__STUDY MATERIAL__:
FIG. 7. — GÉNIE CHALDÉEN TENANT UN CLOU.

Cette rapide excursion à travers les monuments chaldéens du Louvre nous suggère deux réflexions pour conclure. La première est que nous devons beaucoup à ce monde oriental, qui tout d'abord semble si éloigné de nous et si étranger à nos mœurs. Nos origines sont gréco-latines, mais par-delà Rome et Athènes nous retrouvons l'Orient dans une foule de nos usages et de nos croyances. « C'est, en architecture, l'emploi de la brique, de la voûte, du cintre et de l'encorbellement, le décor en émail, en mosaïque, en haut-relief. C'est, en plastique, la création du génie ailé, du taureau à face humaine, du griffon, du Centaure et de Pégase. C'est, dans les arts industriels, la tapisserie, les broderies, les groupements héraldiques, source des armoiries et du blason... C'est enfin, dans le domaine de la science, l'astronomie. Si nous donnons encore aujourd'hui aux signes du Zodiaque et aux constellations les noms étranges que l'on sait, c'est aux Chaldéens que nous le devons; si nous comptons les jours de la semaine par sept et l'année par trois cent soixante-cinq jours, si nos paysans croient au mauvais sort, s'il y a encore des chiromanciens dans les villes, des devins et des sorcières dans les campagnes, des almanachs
---
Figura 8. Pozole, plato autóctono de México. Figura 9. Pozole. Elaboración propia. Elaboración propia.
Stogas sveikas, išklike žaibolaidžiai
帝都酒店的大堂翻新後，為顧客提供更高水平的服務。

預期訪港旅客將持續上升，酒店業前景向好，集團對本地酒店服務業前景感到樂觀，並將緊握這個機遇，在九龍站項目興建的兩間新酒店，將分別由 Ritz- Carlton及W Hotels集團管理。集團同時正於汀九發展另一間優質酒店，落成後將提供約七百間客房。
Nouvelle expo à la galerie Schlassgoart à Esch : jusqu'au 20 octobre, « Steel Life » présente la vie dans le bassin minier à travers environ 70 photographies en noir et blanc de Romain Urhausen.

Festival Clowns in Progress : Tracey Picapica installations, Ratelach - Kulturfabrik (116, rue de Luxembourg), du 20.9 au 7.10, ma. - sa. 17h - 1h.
---
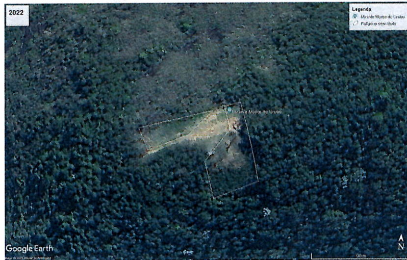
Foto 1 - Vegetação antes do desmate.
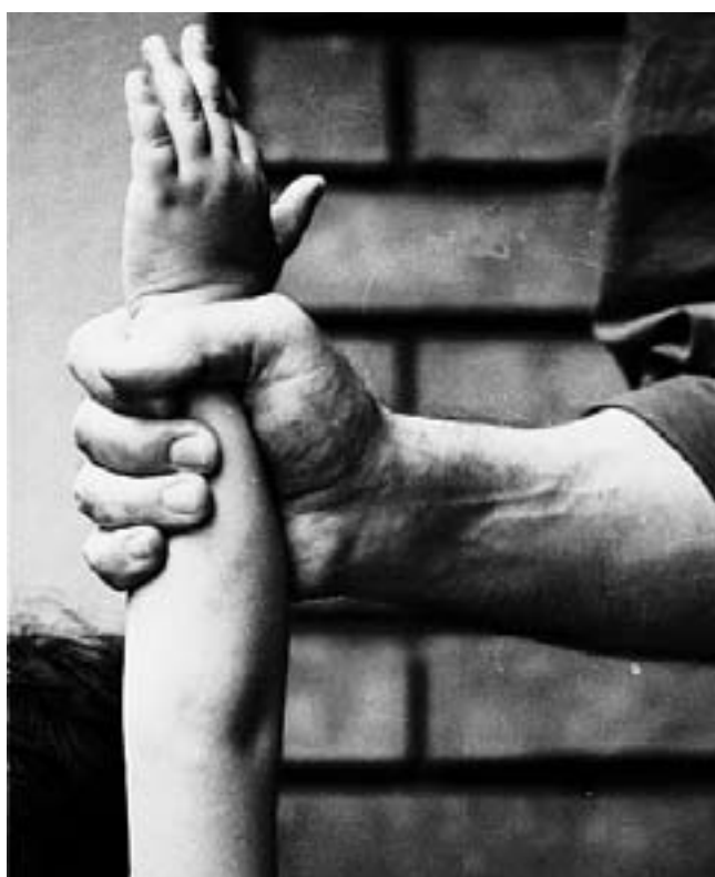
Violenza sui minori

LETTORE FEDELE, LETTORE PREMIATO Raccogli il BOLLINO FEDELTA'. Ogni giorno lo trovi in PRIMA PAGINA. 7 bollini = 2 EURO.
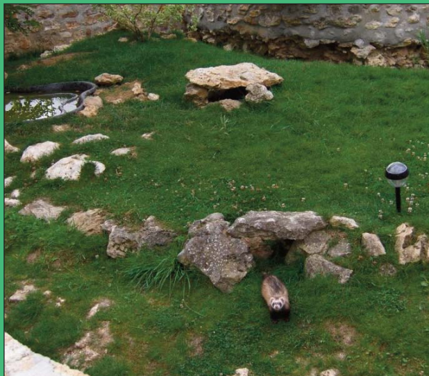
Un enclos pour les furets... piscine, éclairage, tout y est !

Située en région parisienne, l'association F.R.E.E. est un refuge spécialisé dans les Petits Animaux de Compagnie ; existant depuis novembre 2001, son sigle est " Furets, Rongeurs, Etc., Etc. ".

__PROBLEM DETAILS__: In the entries above, find the line with "FIG. 7. — GÉNIE CHALDÉEN TENANT UN CLOU." and the line with "Cette rapide excursion", then restate word for word both of them and every line between, with nothing more.

__YOUR RESPONSE__:
FIG. 7. — GÉNIE CHALDÉEN TENANT UN CLOU.

Cette rapide excursion à travers les monuments chaldéens du Louvre nous suggère deux réflexions pour conclure. La première est que nous devons beaucoup à ce monde oriental, qui tout d'abord semble si éloigné de nous et si étranger à nos mœurs. Nos origines sont gréco-latines, mais par-delà Rome et Athènes nous retrouvons l'Orient dans une foule de nos usages et de nos croyances. « C'est, en architecture, l'emploi de la brique, de la voûte, du cintre et de l'encorbellement, le décor en émail, en mosaïque, en haut-relief. C'est, en plastique, la création du génie ailé, du taureau à face humaine, du griffon, du Centaure et de Pégase. C'est, dans les arts industriels, la tapisserie, les broderies, les groupements héraldiques, source des armoiries et du blason... C'est enfin, dans le domaine de la science, l'astronomie. Si nous donnons encore aujourd'hui aux signes du Zodiaque et aux constellations les noms étranges que l'on sait, c'est aux Chaldéens que nous le devons; si nous comptons les jours de la semaine par sept et l'année par trois cent soixante-cinq jours, si nos paysans croient au mauvais sort, s'il y a encore des chiromanciens dans les villes, des devins et des sorcières dans les campagnes, des almanachs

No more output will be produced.